Firefox 37.0.1 Released

Mozilla released an emergency update to Firefox 37 on April 3, 2015 with Firefox 37.0.1. This update did address start-up crashes due to graphics hardware and third party software. However, there were two security fixes to address a couple recently released Mozilla Foundation Security Advisories (MFSA):

  • MFSA 2015-44 Critical: Certificate verification bypass through the HTTP/2 Alt-Svc header [Firefox 37 Desktop]
  • MFSA 2015-43 High: Loading privileged content through Reader mode [Firefox 37 Android/Firefox 38 Beta (Desktop)]

The now disabled HTTP/2 Alt-Svc header aka Opportunistic Encryption For Firefox was introduced in the Firefox 37 from earlier in the week.
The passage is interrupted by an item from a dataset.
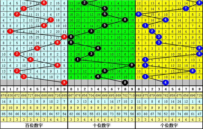 百位:近期大小号码出现次数基本相当,小号目前连续开出2期,本期不看好小号,注意大号回补;另外,在最近14期奖号中,该位0路和2路号码表现非常活跃,占开奖总数的78.6%,本期继续关注0路或2路号码开出,关注号码9。

There has been several security issues/breaches lately with browser SSL Certificates possibly being used to orchestrate Man-in-the-Middle (MITM) attacks. Most recently this included Mozilla revoking China Internet Network Information Center (CNNIC) Intermediate certificates. The actions (or lack there of) of this certificate authority has prompted Mozilla to Distrust New CNNIC Certificates.

Users may be prompted to update to the newest release (37.0.1) of Firefox or can do so manually within Firefox by going to Help > About Firefox and following the update prompts. Users may also manually download and install the newest Firefox update the getfirefox.com site. The next scheduled update for Firefox is May 12th, 2015 with Firefox 38.